### SOURCE MATERIAL
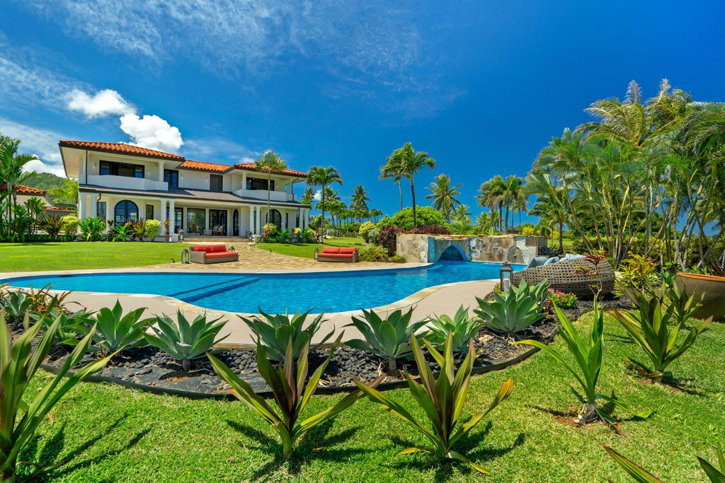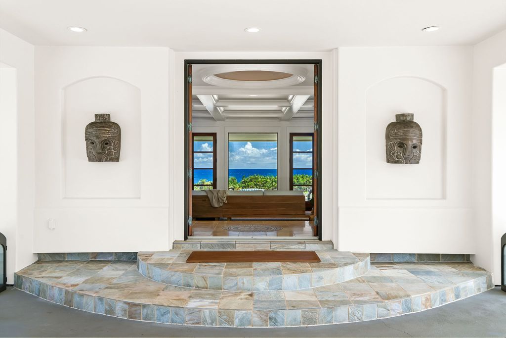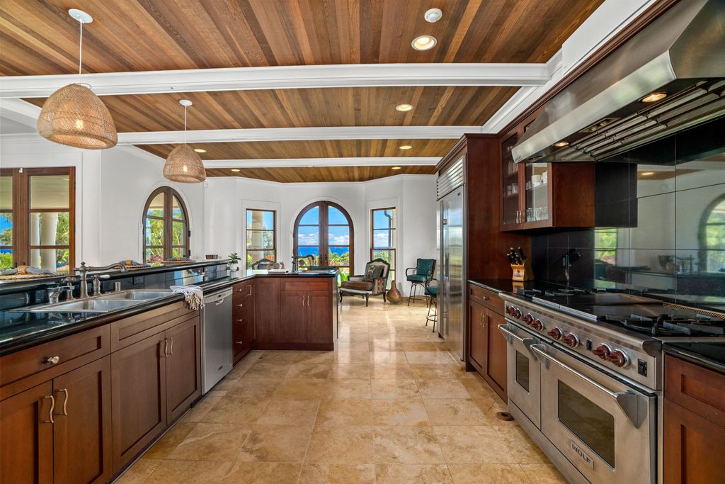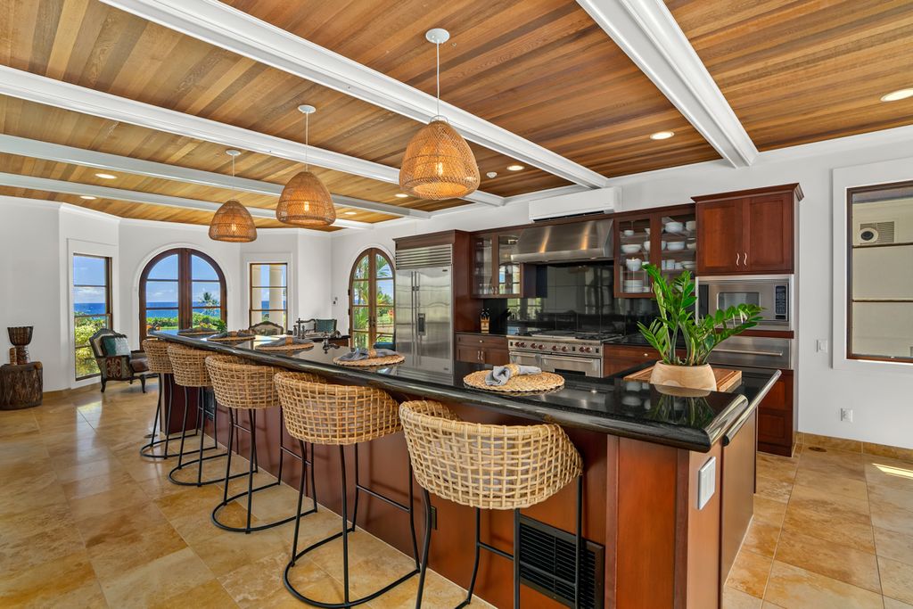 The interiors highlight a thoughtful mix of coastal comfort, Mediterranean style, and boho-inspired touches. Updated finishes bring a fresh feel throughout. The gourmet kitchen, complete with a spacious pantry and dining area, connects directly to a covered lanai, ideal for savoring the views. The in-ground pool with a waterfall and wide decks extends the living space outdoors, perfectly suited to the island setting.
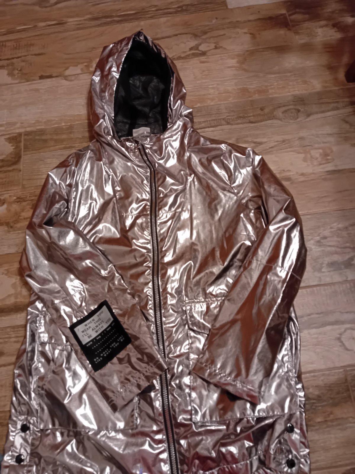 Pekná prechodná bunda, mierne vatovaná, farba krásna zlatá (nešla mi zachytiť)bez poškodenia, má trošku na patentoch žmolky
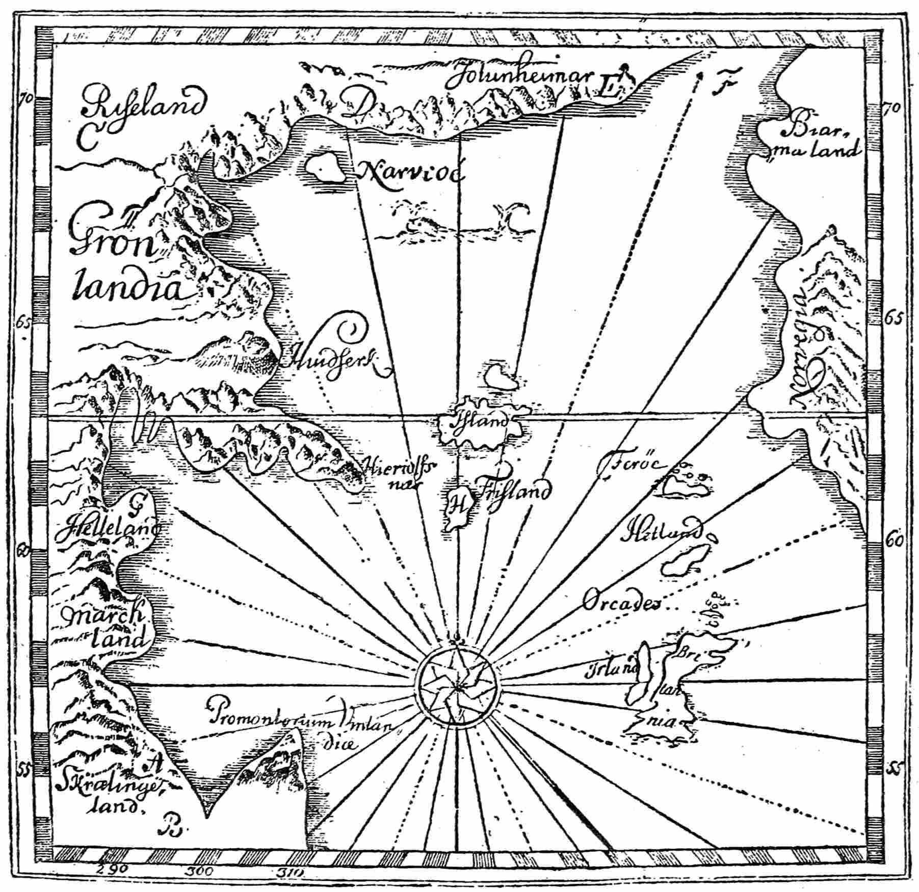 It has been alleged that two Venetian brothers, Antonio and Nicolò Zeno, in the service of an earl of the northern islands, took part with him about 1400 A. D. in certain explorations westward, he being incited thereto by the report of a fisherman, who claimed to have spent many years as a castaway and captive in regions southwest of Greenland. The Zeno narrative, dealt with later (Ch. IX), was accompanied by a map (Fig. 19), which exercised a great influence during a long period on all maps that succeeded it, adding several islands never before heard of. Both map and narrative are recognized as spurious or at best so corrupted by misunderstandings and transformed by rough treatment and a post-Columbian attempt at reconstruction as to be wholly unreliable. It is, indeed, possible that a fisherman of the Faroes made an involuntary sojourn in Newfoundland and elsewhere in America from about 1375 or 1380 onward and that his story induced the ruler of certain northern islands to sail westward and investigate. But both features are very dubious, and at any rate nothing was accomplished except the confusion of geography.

### PROBLEM TO WORK ON
Word for word, restate the lines from the first line of the material through the line containing "Pekná prechodná bunda, mierne", with the pictures left out.

### SOLUTION
 The interiors highlight a thoughtful mix of coastal comfort, Mediterranean style, and boho-inspired touches. Updated finishes bring a fresh feel throughout. The gourmet kitchen, complete with a spacious pantry and dining area, connects directly to a covered lanai, ideal for savoring the views. The in-ground pool with a waterfall and wide decks extends the living space outdoors, perfectly suited to the island setting.
 Pekná prechodná bunda, mierne vatovaná, farba krásna zlatá (nešla mi zachytiť)bez poškodenia, má trošku na patentoch žmolky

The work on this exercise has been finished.